NOTES TO THE FINANCIAL STATEMENTS (UNAUDITED)
for the six months ended 30 June 2013
1. Accounting Policies
a) Basis of Accounting
The financial statements for the Reporting Period have been prepared in compliance with UK Generally Accepted Accounting Practice, and with the Statement of Recommended Practice (the SORP) entitled "Financial Statements of Investment Trust Companies and Venture Capital Trusts" (with the exception of paragraph 80 of the SORP regarding detailed disclosure of financial and operational performance of the Company's unquoted investments due to their confidential nature) which was issued in January 2009.
These financial statements, which have not been audited or reviewed by the Auditors, have been prepared on a going concern basis under the historical cost convention, except for the measurement at fair value for investments. The principal accounting policies have remained unchanged from those set out in the Company's 2012 Annual Report and Accounts.
b) Valuation of Investments
The Company's business is investing in financial assets with a view to profiting from their total return in the form of income and capital growth. As set out in the International Private Equity and Venture Capital Valuation Guidelines below, all investments are designated at fair value.
International Private Equity and Venture Capital Valuation Guidelines
Unquoted investments, including equity and loan investments, are designated at fair value through profit and loss and are valued in accordance with the International Private Equity and Venture Capital Guidelines and Financial Reporting Standard 26 "Financial Instruments: Recognition and Measurement" (FRS 26). Investments are initially recognised at cost. The investments are subsequently re-measured at fair value, as estimated by the Directors. Investment holding gains or losses arising from the revaluation of investments are taken directly to the Income Statement. Fair value is determined as follows:
-- Fair value is the amount for which an asset could be exchanged between
knowledgeable, willing parties in an arm's length transaction.
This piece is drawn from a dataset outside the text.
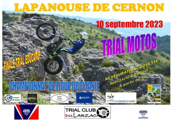 Le Trial Club du Larzac a le plaisir d’organiser, sur son magnifique terrain de Lapanouse, l’avant dernière épreuve de la saison comptant pour le Championnat de la Ligue Occitanie. Ce sera même la dernière épreuve de l’année pour la catégorie Educatif.
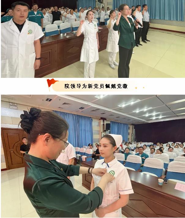 百年篳路藍縷,百年風(fēng)雨兼程?;顒右潦?,由醫(yī)院黨委班子為新黨員佩戴黨徽,以“一枚黨徽”凝聚紅色力量,以“雙重身份”踐行醫(yī)者初心;全體黨員在院黨委書記、院長楊軼的領(lǐng)誓下重溫入黨誓詞,鏗鏘誓言重溫入黨初心,醫(yī)心向黨堅定奮進信念。

-- In estimating the fair value for an investment, the Manager will apply
a methodology that is appropriate in light of the nature, facts and
circumstances of the investment and its materiality in the context of
the total investment portfolio and will use reasonable assumptions
and estimates.
-- An appropriate methodology incorporates available information about
all factors that are likely to materially affect the fair value of the
investment. The valuation methodologies are applied consistently from
period to period, except where a change would result in a better
estimate of fair value. Any changes in valuation methodologies will be
clearly disclosed in the financial statements.
The most widely used methodologies are listed below. In assessing which methodology is appropriate, the Directors are predisposed towards those methodologies that draw upon market-based measures of risk and return.
-- Price of recent investment -- Discounted cash flows/earnings multiple -- Net assets -- Available market prices
Of these, the two methodologies most applicable to the Company's investments are:
1 - Price of recent investment
Where the investment being valued was made recently, its cost will generally provide a good indication of value. It is generally considered that this would only apply for a limited period; in practice a period up to the start of the first live event or entertainment content which forms the investment is often applied as the long stop date for such a valuation.
2 - Discounted cash flows/earnings of the underlying business
Investments can be valued by calculating the net present value of expected future cashflows of the Investee Companies. In relation to the Company's investments, anticipating future cashflows in excess of the guaranteed amounts would clearly require highly subjective judgements to be made in the early stage of each investment and therefore would not be an appropriate methodology to apply at such an early stage of the investment.
In the period prior to the second live event or entertainment content it is considered appropriate to use the price paid for the recent investment as the latest available information. Thereafter, the portfolio of investments is fair valued on the discounted cash flow/earnings basis using the latest available information on the performance of the live event or entertainment content. Gains or losses arising from changes in the fair value of the 'financial assets at fair value through profit or loss' category are presented in the Income Statement in the period in which they arise.
As a result of the above basis of valuation, there is significant judgement associated with the valuation of investments.
Non-qualifying Investments - OEICs
The Company's Non-qualifying Investments in interest bearing money market OEICs are valued at fair value which is mid price. They have been designated as fair value through profit or loss for the purposes of FRS 26.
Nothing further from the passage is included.